Oleh karena itu, Wahyudi berpendapat bahwa perintegrasian hanya dimungkinkan jika aplikasi memiliki tujuan yang sama dengan Peduli Lindungi yaitu sebagai contact tracing penyebaran Covid-19. Tentunya dengan aturan yang jelas, kerangka kerja yang pasti, serta monitoring yang optimal.

Teguh Aprianto secara langsung melakukan asesmen dan demonstrasi terhadap PPA dengan mengambil contoh Tokopedia dan Tiket.com untuk menunjukkan proses transfer data yang berlangsung. Hasil demonstrasi menunjukkan bahwa data yang masuk dalam PPA tidak langsung masuk ke Peduli Lindungi, namun akan disimpan terlebih dahulu oleh PPA. Bahkan hasil demonstrasi juga menunjukkan data-data yang masuk tidak terenkripsi sama sekali sehingga ahli dapat melihat jelas nama lengkap user, lokasi, waktu check in dan check out, serta status vaksin. Hal itu, berkebalikan dengan jaminan larangan penyimpanan data dan proses data oleh PPA seperti yang dimuat dalam Keputusan Menkes terkait Tata Cara Kerja Sama. “Tidak ada jaminan sama sekali data yang ada di PPA tersebut berakhir di Peduli Lindungi yang dikelola oleh Kementerian Kesehatan” jelasnya di muka persidangan.

Bahkan tidak terenkripsinya data pengguna, mengakibatkan potensi penyalahgunaan data pribadi semakin besar.

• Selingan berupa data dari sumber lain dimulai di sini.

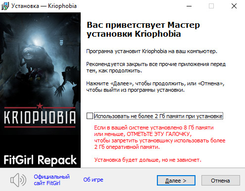 - Для установки репака требуется минимум 2 Гб свободной оперативной памяти (включая виртуальную)
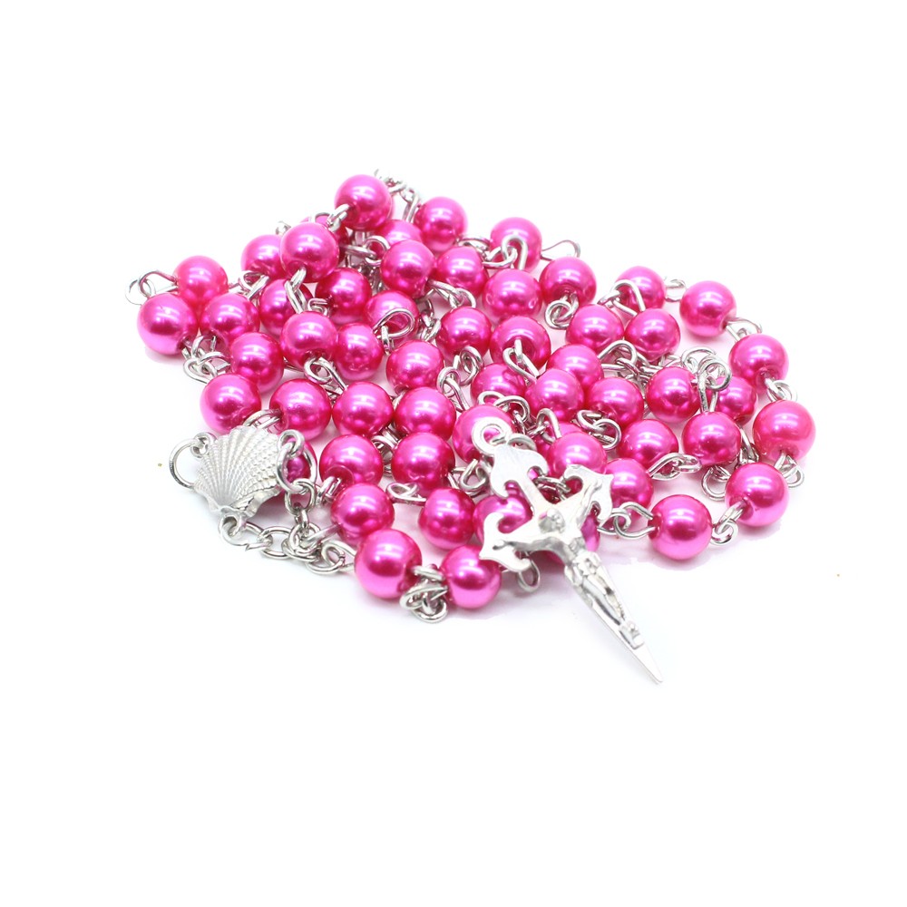 (粉)十字架項(xiàng)鏈 彎針珠鏈飾品6mm珠項(xiàng)鏈27g

Menurut Teguh, kerjasama ini dapat mengakibatkan terjadinya pelanggaran privasi para pengguna dan rawannya penyalahgunaan data untuk kepentingan bisnis. Teguh juga menyatakan bahwa, tidak ada jaminan data-data tersebut dihapus atau tidak dari PPA.

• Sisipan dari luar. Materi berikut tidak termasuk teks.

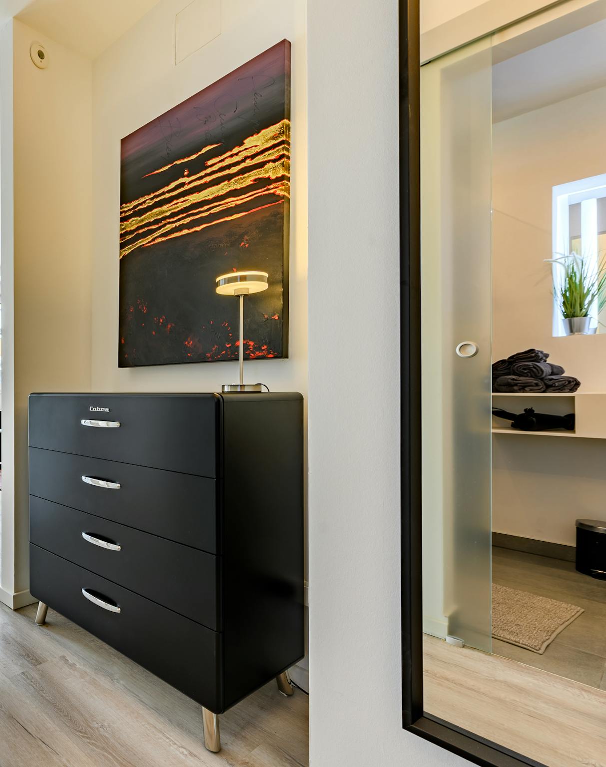 The separated bedroom has a high quality boxspring bed (Queensize, 160x200 cm) with plenty of storage underneath as well as a large build-in closet. It is equipped with allergy friendly bedding, adaptable to summer and winter times. From there, you can very comfortably watch TV, stream or play with the second large smart TV in the wall niche right in front of you.

Dalam keterangannya, Damar Juniarto juga mendemonstrasikan hasil pemeriksaan kerentanan PPA aplikasi Tokopedia dan tiket.com melalui tools exodus. Hasilnya menunjukkan bahwa aplikasi tersebut melakukan berbagai pelacakan terhadap data pengguna. Ia juga menekankan terhadap berbagai riwayat PPA yang memiliki rekam jejak terhadap kebocoran data pengguna. “PPA yang dipilih Kemenkes memiliki potensi terhadap kebocoran data. Seharusnya mengacu pada privacy by design untuk menghindari potensi tersebut kerjasama tidak dilakukan.” pungkas Damar di hadapan persidangan..

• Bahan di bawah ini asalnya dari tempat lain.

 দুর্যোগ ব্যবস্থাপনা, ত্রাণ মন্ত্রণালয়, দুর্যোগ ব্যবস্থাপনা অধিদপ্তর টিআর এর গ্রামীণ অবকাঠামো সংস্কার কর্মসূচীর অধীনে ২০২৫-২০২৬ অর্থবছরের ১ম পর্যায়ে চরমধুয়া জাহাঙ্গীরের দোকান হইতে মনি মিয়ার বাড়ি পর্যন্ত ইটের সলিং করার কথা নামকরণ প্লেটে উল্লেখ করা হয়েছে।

Di tengah proses persidangan gugatan ini, Kementerian Kesehatan merilis bahwa aplikasi PeduliLindungi berhasil meraih Top Inovasi Pelayanan Publik Terpuji 2022 pada Kompetisi Inovasi Pelayanan Publik yang diselenggarakan Kementerian Pendayagunaan Aparatur Negara dan Reformasi Birokrasi.